→ Assignment:
Please transcribe the listing below in full and word for word, without its pictures.

→ The data:

┌──

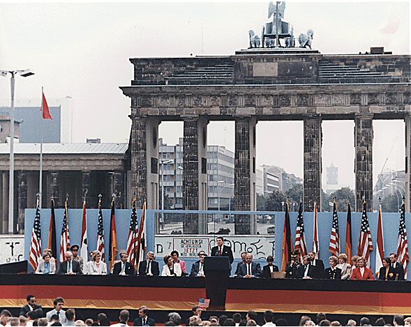 两德统一后首任总统赫尔穆特科尔表示,他永远不会忘记里根站在他身旁,呼吁戈尔巴乔夫推倒柏林墙。
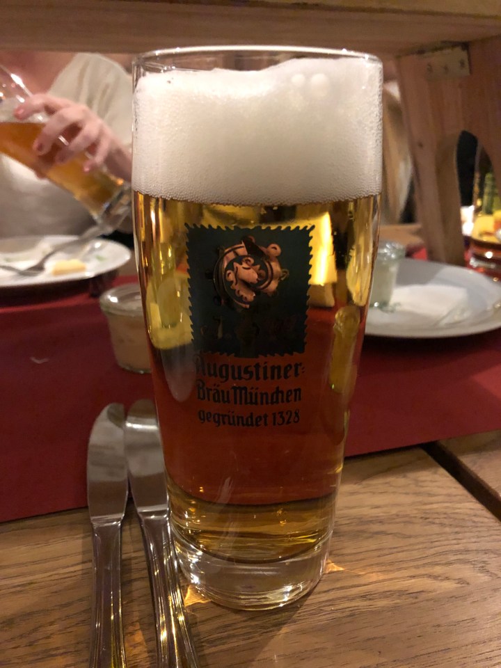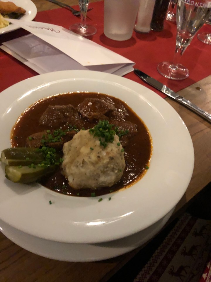 We meet the group downstairs at 6:30p for our group orientation and a glass of prosecco. After introductions, we walked 15 minutes to Bierstindl for dinner. We enjoyed Tyrolean dishes such as braugulasch (goulash), Hausgemachte Kasespaztle (a hearty mac & cheese) and my favorite and choice for dinner – Wiener Schnitzel vom Schwein. The meal was beyond fabulous, accompanied by the house lager, and we all laughed and chatted through dinner.
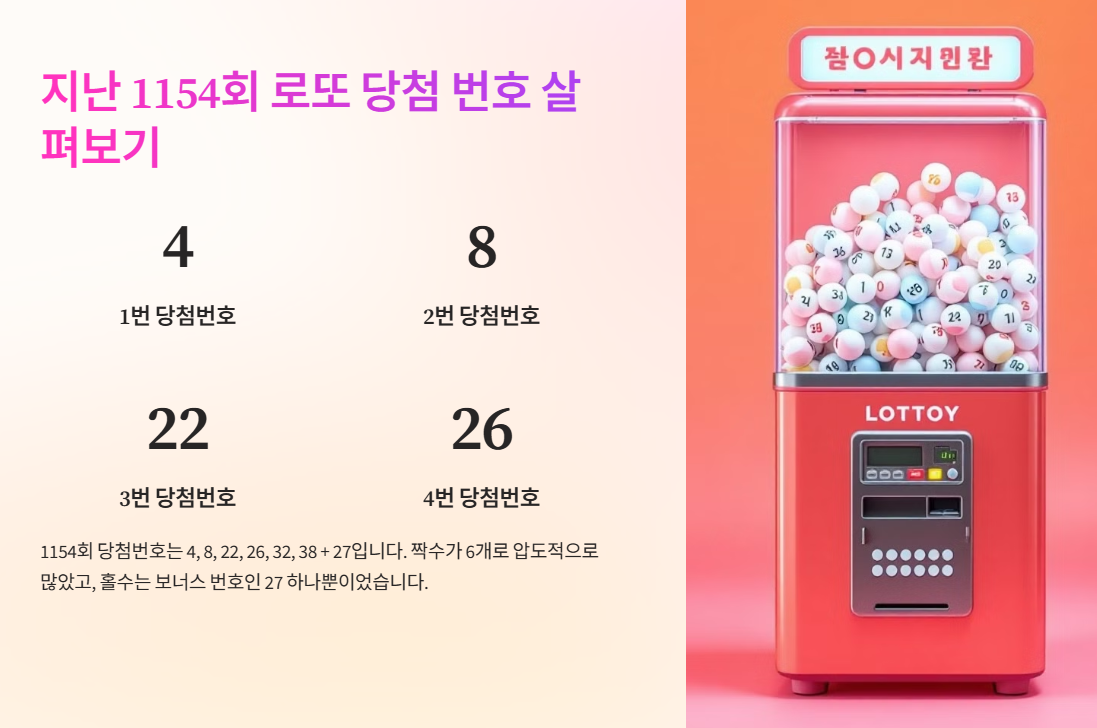 1154회 당첨번호는 4, 8, 22, 26, 32, 38 + 27입니다. 이번 회차의 특징은 짝수가 6개로 압도적으로 많았고, 홀수는 보너스 번호인 27 하나뿐이었습니다.
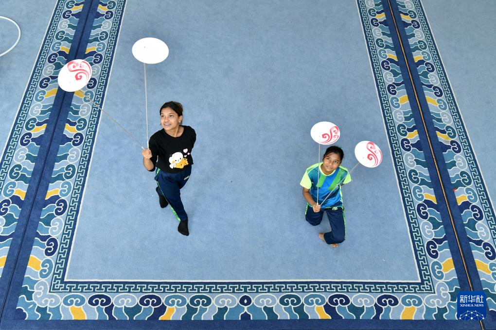 8月20日,來自孟加拉國的學(xué)員在河北吳橋雜技藝術(shù)學(xué)校排練廳內(nèi)練習(xí)雜技。

└──

→ Answer area:
 两德统一后首任总统赫尔穆特科尔表示,他永远不会忘记里根站在他身旁,呼吁戈尔巴乔夫推倒柏林墙。
 We meet the group downstairs at 6:30p for our group orientation and a glass of prosecco. After introductions, we walked 15 minutes to Bierstindl for dinner. We enjoyed Tyrolean dishes such as braugulasch (goulash), Hausgemachte Kasespaztle (a hearty mac & cheese) and my favorite and choice for dinner – Wiener Schnitzel vom Schwein. The meal was beyond fabulous, accompanied by the house lager, and we all laughed and chatted through dinner.
 1154회 당첨번호는 4, 8, 22, 26, 32, 38 + 27입니다. 이번 회차의 특징은 짝수가 6개로 압도적으로 많았고, 홀수는 보너스 번호인 27 하나뿐이었습니다.
 8月20日,來自孟加拉國的學(xué)員在河北吳橋雜技藝術(shù)學(xué)校排練廳內(nèi)練習(xí)雜技。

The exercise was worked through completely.